Can't beat the crazed effect Craig - Big in certain parts of Europe I hear.....

Make sure we catch up my man :thumb:

J


----------



## CraigQQ (Jan 20, 2011)

Derekh929 said:


> Mosaic A3 that may catch on £110 from Edinburgh to London that is serious stuff Broch to Gatwick £75 last time and 231bhp


It's such a good car though... feck the respray, the cars barely worth it! I only paid £300 for it 5 years ago, and it's had a full set of brakes, pads and 1 refurbed caliper.. in 5 years and passed every MOT (I needed two tyres for the back 2 months ago.. got two part worns with 4mm tread left free from my mate.. jobs a good'un)



The_Bouncer said:


> ^ :lol:
> 
> Can't beat the crazed effect Craig - Big in certain parts of Europe I hear.....
> 
> ...


Yeah.. that's what I'm going to claim Jay.. bumpers paint flaking where mum keeps catching the gate post as she leaves the drive.. bit of rust here and there.. it's a Euro Style Rat Rod haha

I'll make sure to find you for a catch up mate. Last time I seen you must have been April 1st last year in Kent.


----------



## Derekh929 (Aug 28, 2011)

CraigQQ said:


> It's such a good car though... feck the respray, the cars barely worth it! I only paid £300 for it 5 years ago, and it's had a full set of brakes, pads and 1 refurbed caliper.. in 5 years and passed every MOT (I needed two tyres for the back 2 months ago.. got two part worns with 4mm tread left free from my mate.. jobs a good'un)
> 
> Yeah.. that's what I'm going to claim Jay.. bumpers paint flaking where mum keeps catching the gate post as she leaves the drive.. bit of rust here and there.. it's a Euro Style Rat Rod haha
> 
> I'll make sure to find you for a catch up mate. Last time I seen you must have been April 1st last year in Kent.
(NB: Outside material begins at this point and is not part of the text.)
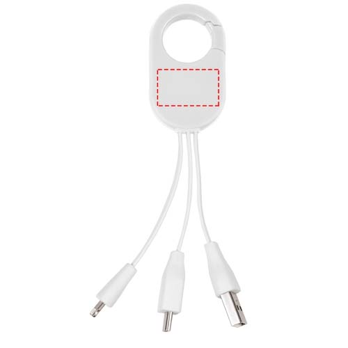 The Troop 3-in-1 charging cable features a USB type C tip and a 2-in-1 dual compatible tip for both Apple® iOS and Android devices. It has a carabiner clip to easily hook on your bag.
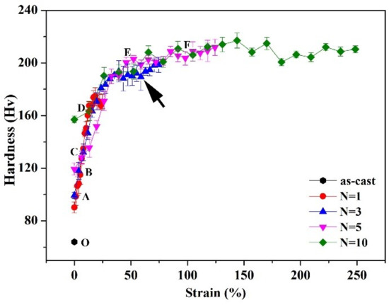 Figure 2 displays the hardness evolution as a function of the von Mises equivalent strain for the as-cast and the disk samples processed by HPT for 1, 3, 5, and 10 revolutions. The von Mises equivalent strain for as-HPT processed samples can be calculated based on the formula (N is the number of turns, r is the radius of the disk, and h is the disk thickness) [28], so the strain from the central region of disk samples is 0. In fact, the hardness values from the central region of the disks gradually increases with increasing torsion turns. The phenomenon has been explained based on the strain gradient plasticity theory [29]. It can be seen from Figure 2 that when the equivalent strain is below 80, the hardness value increases with the increasing strain. Additionally, the hardness value for the equivalent strain beyond 80 has reached a stable state with 20 Hv minor fluctuations. Moreover, under the same strain with different twisting turns, the corresponding hardness values from samples are slightly different as marked by a black arrow in Figure 2.

£300 5 years ago know that is what you call cheap motoring, enjoy the show you have earned your break


----------



## Kimo (Jun 7, 2013)

If the cars get towed away and the full works then I may call off our detailing day tomorow :lol:


----------



## Derekh929 (Aug 28, 2011)

Kimo73 said:


> If the cars get towed away and the full works then I may call off our detailing day tomorow :lol:


Yes but the owners go as well to the Bunker to do the work:lol: and finish the other one's being towed


----------



## Kimo (Jun 7, 2013)

:lol: 

Looks like we best put the day back on then


----------



## Derekh929 (Aug 28, 2011)

Kimo73 said:


> :lol:
> 
> Looks like we best put the day back on then


Yes you better with Whizzer & The Bouncer on the Gate


----------